A moose hunted in Newfoundland more than a decade ago. A moose skull living on the land in Nova Scotia. A porcupine quill basket in storage in a Vancouver museum. A 19th-century photograph at a Paris museum. An artist in Nova Scotia. A pandemic. More photographs – transferred via the internet. And the result: a large-scale photograph of an intricately painted moose skull resting on Mi’kmaq land in Eastern Canada, installed on the other side of Canada, on the exterior of a substation that powers half of downtown Vancouver.
Mi’kmaq artist Jordan Bennett’s al’taqiaq: it spirals (2021) has become a signature image for this year’s Capture Photography Festival in Vancouver (if not the most talked about; that would be Steven Shearer’s now covered-up billboards of people sleeping).
Bennett, who was born in Stephenville Crossing, N.L., and now lives in Terence Bay, N.S., was shortlisted for the prestigious Sobey Award in 2018. He is a multidisciplinary artist who is not really known for his photography – and in fact former Capture director and curator Kate Henderson did not even realize his history with the medium when she approached him about doing something for the festival.
“I was interested in working with artists who work around the periphery of photography, the edges of photography and thinking about how in general we can push the medium,” Henderson said in an interview this week. “I became interested in his work having no idea that he used to study photography, so it felt really serendipitous.”
Among the reasons Bennett had been inspired to return to photography was an encounter he had at the Musée du quai Branly – Jacques Chirac in Paris many years ago. There he found an 1859 photograph of three Mi’kmaq women. “That was physically the closest I could ever get to my ancestors, because the light that bounced off their skin in that moment – making those images – was literally captured on those plates, which in turn became artwork that I was able to visit over a hundred years later,” Bennett explained in an interview with Henderson in the Capture catalogue.

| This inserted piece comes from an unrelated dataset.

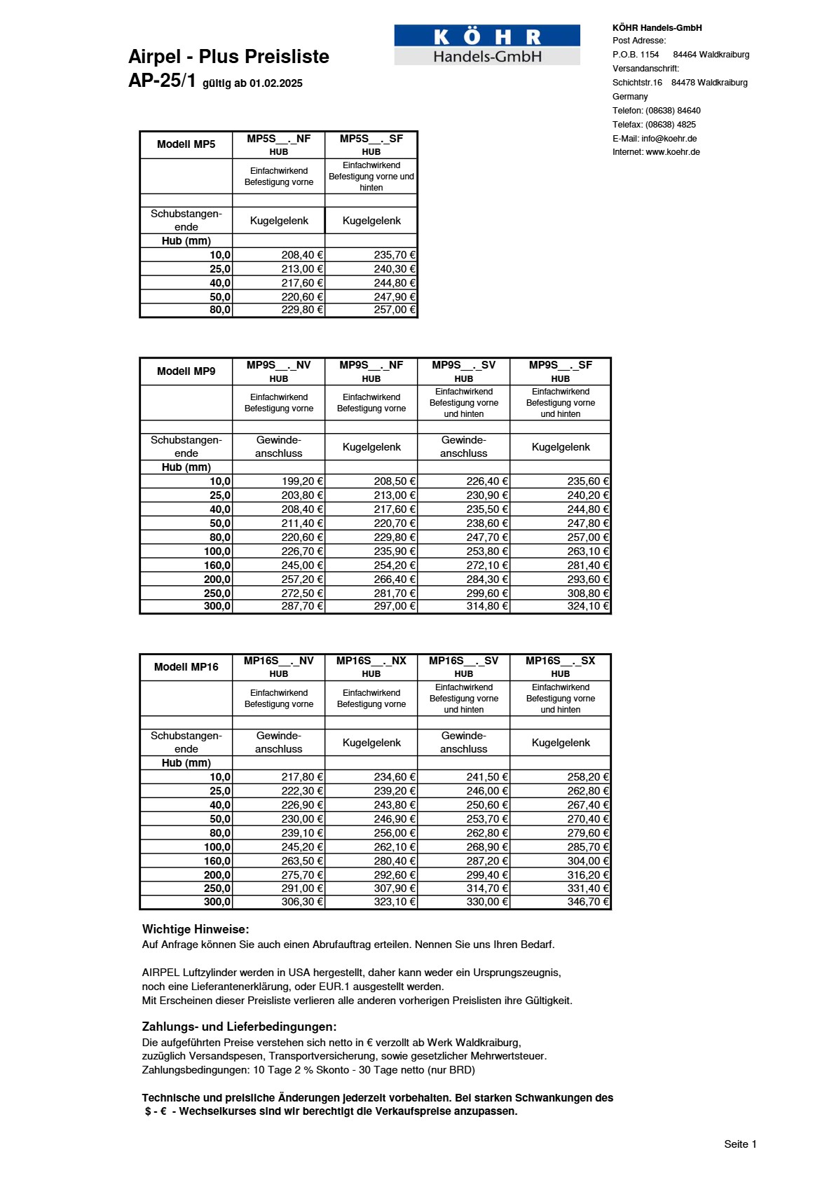Airpel Plus – MP5 – Allgemeine Technische Daten

al’taqiaq: it spirals was inspired by a porcupine quill basket created by Mi’kmaq artists at some point between 1860 and 1890. The basket is in the collection of the Museum of Vancouver. (There is a circa 1930 photograph in the Capture catalogue of stacks of baskets for sale at the Pacific National Exhibition in Vancouver – including this basket.)

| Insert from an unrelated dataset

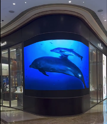 3D広告の没入感を高めるために有効なのが、L字型などの「湾曲ディスプレイ」の活用です。角を利用しやすく、2つの面をまたぐことで奥行きを表現できます。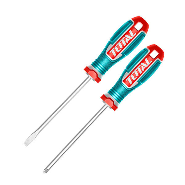 ست دو عددی پیچ گوشتی دوسو چهارسو برند توتال، ساخته شده از آلیاژ S226 فولاد حرارت دیده مقاوم، دارای نوک آهنربایی و دسته فایبرگلاس ضد لغزش سبک، محکم و خوشدست

Bennett wanted to bring the basket back home in some way – and the most powerful way to do that, he felt, was to translate the design onto a physical form and photograph that on the land, where it came from.
The skull had belonged to a family friend who had hunted the moose in Bennett’s home community. Bennett’s father had asked the friend about the skull over the years, and the friend eventually gifted it to him, and he in turn gave it to his son.
“I let the skull live on the land,” Bennett tells Henderson. After about two months, he spray-painted the skull hot pink, inspired by the basket. “I left the hot-pink skull in my yard for a while, and then it hit me that I needed to paint it with porcupine quill design as a way to connect it back to its home.”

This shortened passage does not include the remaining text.